Major: Health Science
Pre-health track: pre-PAA
Why did you decide to take a gap year?
I decided to take a gap year because I want to make sure that my applications for grad school are as strong as possible. As far as my GPA and involvement standings, my application would be pretty strong but I'm only going to have 1,500 clinical hours before I apply (UF is a "recommended" 2,000 hours) and I still have to study and take the GRE. I know myself, and I know that I am not that great at standardized testing, so with that being said I need to sit down and study for the GRE... and right now I just don't have time for that. Sure, I could attempt to cram all of my GRE-prep, work crazy hours, and somehow manage to not ruin my GPA to apply straight out of undergrad---- But I 1) don't want to hate myself and 2) what is the rush?
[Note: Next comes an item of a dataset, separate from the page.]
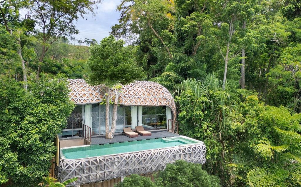 Wolnostojące wille nawiązują do plemiennych siedzib: wille „Tent Pool Villas”, inspirowane koczowniczymi ludami lasów deszczowych, charakteryzują się kopułowymi dachami i podwyższonymi owalnymi wannami. Domki „Tree Pool Houses” odzwierciedlają styl plemienia We-ha, znanego jako „klan nieba”, dzięki dwóm poziomom i zawieszonym meblom. Domki „Clay Pool Cottages” nawiązują do tradycyjnych tajskich chat krytych strzechą. Wille typu „Bird’s Nest” przypominają plecione klatki dla ptaków z drewna i szkła, z widokiem na morze i las.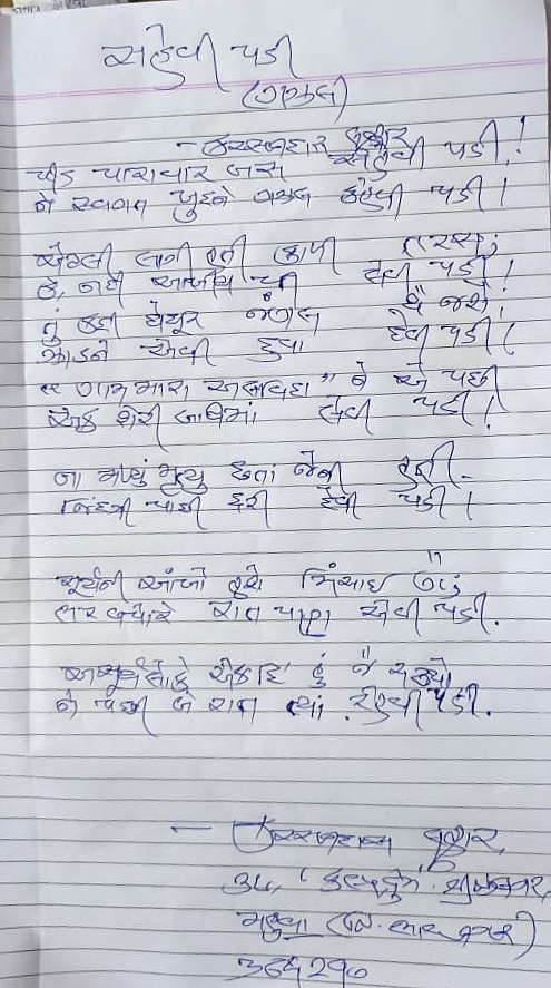 કરસનદાસ લુહારના હસ્તાક્ષરમાં કાવ્ય 1 Comment / કાવ્ય, સંચય / 25/08/2024 🥀🥀 Like this:Like Loading... Related Leave a Comment Cancel ReplyYour email address will not be published. Required fields are marked *Type here.. Name Email Website Save my name, email, and website in this browser for the next time I comment. Notify me of follow-up comments by email. Notify me of new posts by email. Δ

Instead of entering the workforce as a PA when I'm 24, I'll be 25... to me and my family that doesn't seem like a huge deal #blessed.
What are your plans during your gap year?
During my gap year, I plan to study for the GRE and work. I'll actually start studying for the GRE in my final semester at UF (fun!) so I'll probably start out my gap year with taking the GRE. I am currently working at an assisted living facility and I plan to transfer to a hospital setting so that I can diversify my clinical hours and hopefully get a letter of recc or two in the process. In that year I also plan to travel a little bit and spend as much time with my family as possible.